Brief: Below are records with pictures. Transcribe exactly, and only, the lines from the line with "Een sapapparaat in" to the line with "Kapuci zdobí štítek", both ends included, but not the pictures.

Exercise inputs:
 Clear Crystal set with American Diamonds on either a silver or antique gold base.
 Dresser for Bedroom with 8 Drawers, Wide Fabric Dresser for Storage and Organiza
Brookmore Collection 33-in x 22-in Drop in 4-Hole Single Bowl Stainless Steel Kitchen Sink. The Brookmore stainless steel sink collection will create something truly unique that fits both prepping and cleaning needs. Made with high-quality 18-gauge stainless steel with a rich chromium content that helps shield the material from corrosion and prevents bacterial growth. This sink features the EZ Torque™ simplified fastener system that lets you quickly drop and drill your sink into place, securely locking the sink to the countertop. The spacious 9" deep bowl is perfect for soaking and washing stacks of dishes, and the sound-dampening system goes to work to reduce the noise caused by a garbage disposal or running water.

* * *

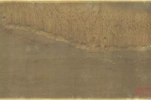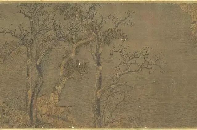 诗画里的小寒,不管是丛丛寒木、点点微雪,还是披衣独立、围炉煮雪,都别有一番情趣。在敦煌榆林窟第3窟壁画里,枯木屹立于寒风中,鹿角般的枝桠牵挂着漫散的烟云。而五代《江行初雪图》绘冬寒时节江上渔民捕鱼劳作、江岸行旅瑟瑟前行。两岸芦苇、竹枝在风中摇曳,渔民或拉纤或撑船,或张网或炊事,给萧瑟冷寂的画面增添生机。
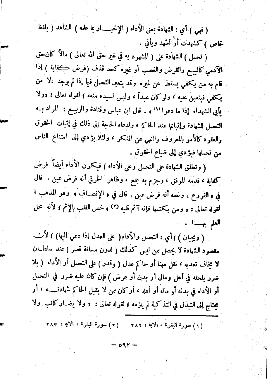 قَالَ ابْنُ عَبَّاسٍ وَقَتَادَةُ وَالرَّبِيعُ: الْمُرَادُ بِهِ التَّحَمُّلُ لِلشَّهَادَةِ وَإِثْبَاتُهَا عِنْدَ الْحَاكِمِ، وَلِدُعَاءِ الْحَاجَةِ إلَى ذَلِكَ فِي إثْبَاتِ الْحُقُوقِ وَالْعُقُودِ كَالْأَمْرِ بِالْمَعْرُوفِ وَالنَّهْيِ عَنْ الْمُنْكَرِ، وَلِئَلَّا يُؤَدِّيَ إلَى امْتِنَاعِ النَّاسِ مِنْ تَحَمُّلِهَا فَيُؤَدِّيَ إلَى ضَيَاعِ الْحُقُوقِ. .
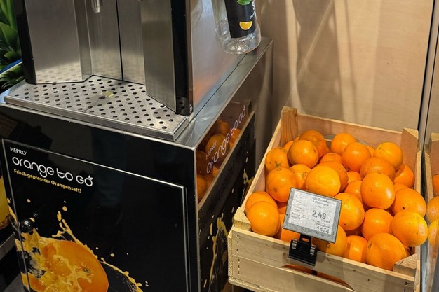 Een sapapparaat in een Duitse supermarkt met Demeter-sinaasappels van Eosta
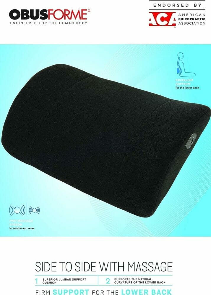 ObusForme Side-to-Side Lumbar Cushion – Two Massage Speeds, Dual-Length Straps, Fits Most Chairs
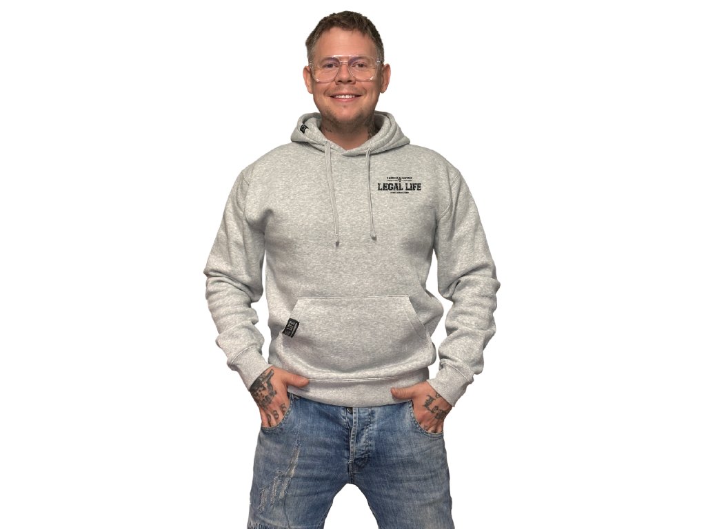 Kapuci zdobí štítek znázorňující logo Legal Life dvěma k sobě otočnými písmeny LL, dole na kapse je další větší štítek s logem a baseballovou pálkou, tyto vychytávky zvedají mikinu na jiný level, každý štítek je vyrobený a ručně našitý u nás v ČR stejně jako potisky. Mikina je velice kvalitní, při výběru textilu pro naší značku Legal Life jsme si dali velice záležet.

Reply to the exercise:
 Een sapapparaat in een Duitse supermarkt met Demeter-sinaasappels van Eosta
 ObusForme Side-to-Side Lumbar Cushion – Two Massage Speeds, Dual-Length Straps, Fits Most Chairs
 Kapuci zdobí štítek znázorňující logo Legal Life dvěma k sobě otočnými písmeny LL, dole na kapse je další větší štítek s logem a baseballovou pálkou, tyto vychytávky zvedají mikinu na jiný level, každý štítek je vyrobený a ručně našitý u nás v ČR stejně jako potisky. Mikina je velice kvalitní, při výběru textilu pro naší značku Legal Life jsme si dali velice záležet.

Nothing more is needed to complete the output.